What you need to do: The entire listing below is to be written out exactly, minus the pictures.
[Opening Supplied data section]
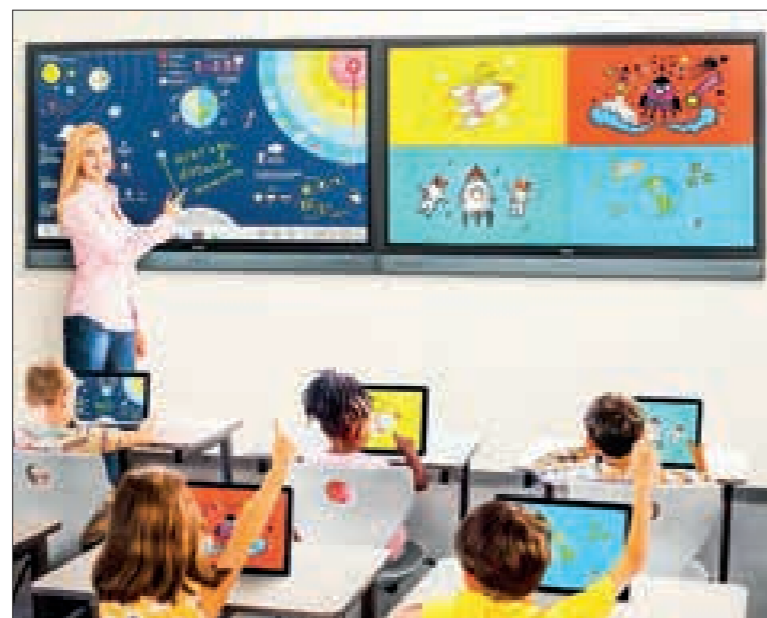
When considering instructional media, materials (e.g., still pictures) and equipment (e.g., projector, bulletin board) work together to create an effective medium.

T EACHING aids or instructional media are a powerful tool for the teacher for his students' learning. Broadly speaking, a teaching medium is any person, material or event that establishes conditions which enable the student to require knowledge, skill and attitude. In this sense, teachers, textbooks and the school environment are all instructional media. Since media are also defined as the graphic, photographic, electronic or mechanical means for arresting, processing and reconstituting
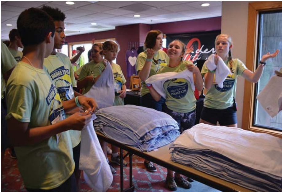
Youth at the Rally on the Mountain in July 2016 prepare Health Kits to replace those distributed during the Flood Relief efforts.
[Closing Supplied data section]
Solution:
When considering instructional media, materials (e.g., still pictures) and equipment (e.g., projector, bulletin board) work together to create an effective medium.

T EACHING aids or instructional media are a powerful tool for the teacher for his students' learning. Broadly speaking, a teaching medium is any person, material or event that establishes conditions which enable the student to require knowledge, skill and attitude. In this sense, teachers, textbooks and the school environment are all instructional media. Since media are also defined as the graphic, photographic, electronic or mechanical means for arresting, processing and reconstituting
Youth at the Rally on the Mountain in July 2016 prepare Health Kits to replace those distributed during the Flood Relief efforts.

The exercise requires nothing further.